Cada vez hay más cristianos convencidos de que la mejor manera de mantenerse sano es no comer ningún producto animal. Además de no comer carne, no beben leche, no comen huevos ni usan grasas saturadas. Este estilo de vida se llama “vegano”.

No hay nada de malo en tratar de vivir de la manera más saludable posible. Es una actitud cristiana. Sin embargo, el cristiano no debe mirar al que tiene al lado y criticarlo por no seguir su mismo estilo de vida. En tiempos de Jesús, los fariseos eran muy escrupulosos en el cumplimiento de la ley. Eran tan escrupulosos que se inventaron leyes para guardar la ley. Jesús no veía con malos ojos que cumplieran la ley. Decía que era su deber, pero no debían descuidar lo otro. ¿A qué “otro” se refería Jesús? Se trata de “lo más importante de la ley: la justicia, la misericordia y la fe” (Mateo 23:23). Los fariseos eran duros con las personas que no creían lo mismo que ellos. No les preocupaba cómo era su corazón. Lo único que les importaba era cómo podrían utilizar su estilo de vida para impresionar a los demás.

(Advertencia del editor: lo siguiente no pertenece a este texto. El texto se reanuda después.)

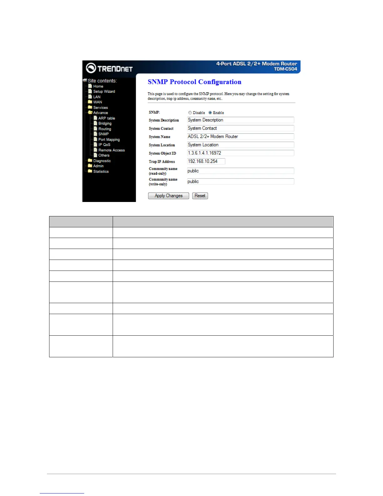 SNMP Enable/disable SNMP Feature.

El asunto estriba en que, si ser cristiano es cuestión de vestir de cierta manera o eliminar ciertas cosas de la dieta, resulta claro que podemos hacerlo nosotros mismos y no necesitamos a Jesús. Cualquiera puede cambiar su apariencia externa, pero solo Dios puede cambiar el corazón.

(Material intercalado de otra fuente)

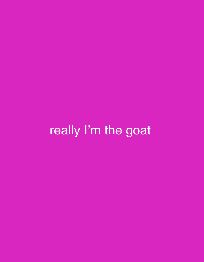 The image displays a solid magenta background with white sans-serif text centered horizontally and vertically. The text reads: "really I'm the goat". No people, physical objects, or discernible environment are present. The image does not provide any visual information to determine a specific location within the city of Newark, United States, or any other real-world setting.
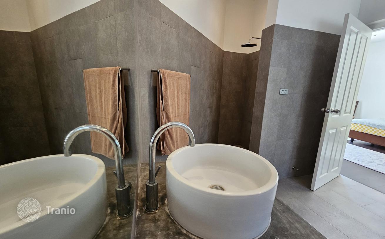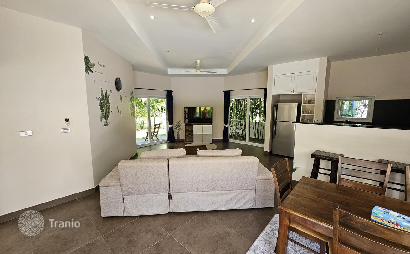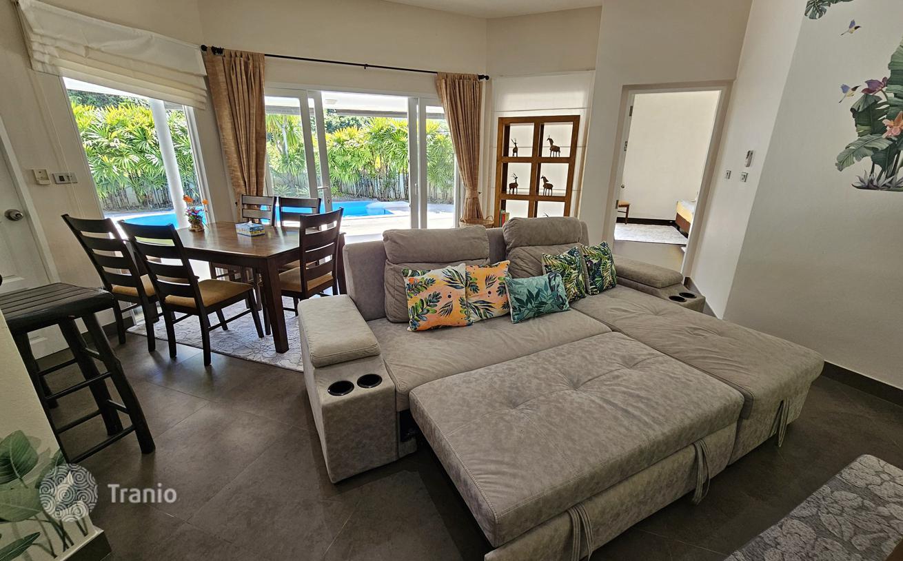 Уютная вилла полностью меблирована и включает бассейн, сад, крытую парковку. Электричество по государственному тарифу, вода бесплатная — есть собственная глубокая скважина.

En uno de sus escritos Elena de White menciona: “Puede poseerse saber, talento, elocuencia, y todo don natural o adquirido; pero, sin la presencia del Espíritu de Dios, ningún corazón se conmoverá, ningún pecador será ganado para Cristo”.

Jesús dice: “Os daré un corazón nuevo y pondré un espíritu nuevo dentro de vosotros. Quitaré de vosotros el corazón de piedra y os daré un corazón de carne” (Ezequiel 36:26).

Que cada día nuestra mayor petición sea que Dios nos otorgue de su Espíritu, para que su carácter manso y humilde se manifieste en nosotros y así poder dar un mejor testimonio a otros. Que a través de nuestro carácter semejante al de Jesús otros puedan conocerle, y que día con día podamos seguir el ejemplo perfecto.